I spilled boiling water on my hand, making you coffee, and the pain was exquisite; it was a living thing, it was a door that opened up and sucked me in and shut hard behind me. For a week my hand was like some off-kilter prop, some unreal thing used to frighten children, but then, two weeks later (and I pick at it, even though I shouldn't, but it actually seemed to make things better, faster) it looks like a normal human hand once more. Pinker than it should be, slightly wrong, but something recognizable as part of me. There is a certain resilience, sometimes, in certain situations, places, moments, that surprises, even if it shouldn't.
There are things I have let go, and in doing so, they have let me go, too, and some small part of me wishes -- maybe (but it's hard to tell, sometimes, so maybe not) -- that I missed them, that I wanted...what?

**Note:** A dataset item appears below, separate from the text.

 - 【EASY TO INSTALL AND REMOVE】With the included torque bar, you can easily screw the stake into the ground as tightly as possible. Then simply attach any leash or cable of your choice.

But the more solid reality (whatever that might be) is that I don't, I haven't, I don't think I will. And that, too, surprises, although I might not know why it should. (Like this place, which, when it was empty was some kind of halfway-refuge, maybe, and then it got so crowded that I found it hard to breathe at times, but now it is so much closer to empty than filled again, and there is something that tastes almost like relief at that, though it's tied up in all kinds of other things and not as simple as it might sometimes feel, or as it ought to be.)

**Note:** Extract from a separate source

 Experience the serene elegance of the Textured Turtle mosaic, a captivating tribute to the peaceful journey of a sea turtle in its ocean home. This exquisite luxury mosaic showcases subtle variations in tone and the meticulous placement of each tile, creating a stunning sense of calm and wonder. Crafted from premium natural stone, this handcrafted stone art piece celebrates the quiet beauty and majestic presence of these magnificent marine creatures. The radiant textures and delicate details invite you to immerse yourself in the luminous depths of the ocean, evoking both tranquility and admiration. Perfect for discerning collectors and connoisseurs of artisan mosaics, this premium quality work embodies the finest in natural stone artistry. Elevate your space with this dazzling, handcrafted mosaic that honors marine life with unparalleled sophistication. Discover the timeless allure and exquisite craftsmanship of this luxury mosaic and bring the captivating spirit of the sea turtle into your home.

Three weeks now, jobless, and the next year or more-than-a-year stretching out in front of me, without form or plan or schedule, and if I could never work again I wouldn't, because this might be the first time in years I have consistently felt rested on any given day, time moving at the pace it wants to, and nothing (or very nearly, anyway) being forced. Like this, on a random afternoon when I am coming back from doing some small errand, somewhere, I can walk twelve blocks and end up at your door, curl up against you on your bed in the middle of a noise-bright day, and fall into the feeling of your hands against my skin, and after, fall into that magic sort of mid-day sleep -- heavy-without-weight and mostly dreamless (until I am close to waking, and then the world seeps into my sleeping mind and steers my thoughts, and twists them into something not-real but rooted there, and I wake myself up laughing, and mumble explanations at you, half-awake, and I can feel the smiles in your fingertips before I see your face).

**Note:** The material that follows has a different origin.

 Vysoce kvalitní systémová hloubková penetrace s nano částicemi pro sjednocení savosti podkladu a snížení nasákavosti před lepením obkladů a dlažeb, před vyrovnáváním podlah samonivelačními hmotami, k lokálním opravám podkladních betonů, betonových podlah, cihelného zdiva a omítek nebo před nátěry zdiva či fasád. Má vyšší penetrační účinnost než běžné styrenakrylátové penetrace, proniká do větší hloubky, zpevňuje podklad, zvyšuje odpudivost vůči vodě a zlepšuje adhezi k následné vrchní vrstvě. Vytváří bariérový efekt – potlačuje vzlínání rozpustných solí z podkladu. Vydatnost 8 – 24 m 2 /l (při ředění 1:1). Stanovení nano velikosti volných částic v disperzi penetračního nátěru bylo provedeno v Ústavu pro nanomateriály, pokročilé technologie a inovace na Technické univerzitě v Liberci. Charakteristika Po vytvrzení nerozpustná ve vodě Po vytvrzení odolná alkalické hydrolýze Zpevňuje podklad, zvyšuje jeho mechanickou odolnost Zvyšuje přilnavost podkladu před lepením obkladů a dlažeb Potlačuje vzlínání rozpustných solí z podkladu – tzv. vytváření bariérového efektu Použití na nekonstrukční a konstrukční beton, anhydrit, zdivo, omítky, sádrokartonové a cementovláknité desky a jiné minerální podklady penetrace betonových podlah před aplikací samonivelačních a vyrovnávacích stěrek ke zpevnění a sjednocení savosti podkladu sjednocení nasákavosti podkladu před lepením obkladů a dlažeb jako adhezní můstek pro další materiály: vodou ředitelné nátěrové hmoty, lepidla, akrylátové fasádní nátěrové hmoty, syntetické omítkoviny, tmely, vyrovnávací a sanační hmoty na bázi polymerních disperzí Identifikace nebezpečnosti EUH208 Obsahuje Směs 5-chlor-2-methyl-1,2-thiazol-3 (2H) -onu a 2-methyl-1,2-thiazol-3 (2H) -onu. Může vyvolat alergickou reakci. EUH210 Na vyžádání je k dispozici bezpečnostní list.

And this is warm and solid, and utterly intangible (open full hands; they are empty), and you are something, or nothing, or a third option without a name. This thing that has words attached but nothing to define it (and it is tiresome, it becomes so full of weary, to have things always defined and needing edges) -- it is here and it is not anywhere, or it is everywhere, or it doesn't matter at all but when I wake up, sometimes, it is from laughter.
You are a smile, hooked in my skin like something sharp, coloring each breath, the tint hiding beneath tears or dreams or who-knows-what-everything; you are the voice in my ear each night -- or very close to it -- before I sleep.
And nothing and no one is simple, and sometimes, it doesn't really matter (or if it does, it still doesn't, really).
And every glowing letter is a kiss, if you can just stop (and close your eyes) and really look.